Two unrelated notes on television and time:

First, the new BBC series, Life on Mars (sort of) inspires Mark at k-punk to meditate on the nostalgic lure of time travel into the past. Life on Mars focuses on Sam Tyler, a detective from 2006, who is sent back in time to 1973 after a car accident.

Mark’s reflections on the series (which I haven’t seen) and his discussion of the logic of time travel inevitably raise questions for me about my own research on time-travel movies and television shows. First, I find the choice of 1973 interesting, especially given Fredric Jameson’s emphasis on 1973 as a point of major transition (Watergate, Vietnam, gold standard, etc), but I’m more interested in Mark’s comments about the “uncanny lure” of the past. Generally, I think he’s right that time-travel films and TV shows tend to involve time travel into the past rather than into the future, and I’d add that it’s certainly linked to fears of death. Thanks to Matt for passing along the link. I’d like to revisit this topic at some point, but with the new semester starting yesterday (Monday), I feel like I’m already in a full sprint.
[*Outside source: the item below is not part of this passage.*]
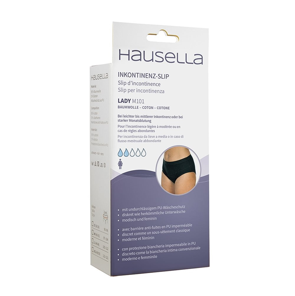 Hausella Inkontinenz-Slip Lady M101 M schwarz aus Baumwolle mit PU-Schutz 1 Stk

Speaking of sprinting, David at GreenCine provides a pointer to Slavoj Zizek’s Guardian article previewing the new season of 24. Zizek’s analysis goes well beyond the expected observation that the show’s simulation of real time reproduces the sense of urgency that has become attached to the war on terror. Instead, drawing from Hannah Arendt’s Eichmann in Jerusalem, Zizek analyzes the show’s depiction of torture.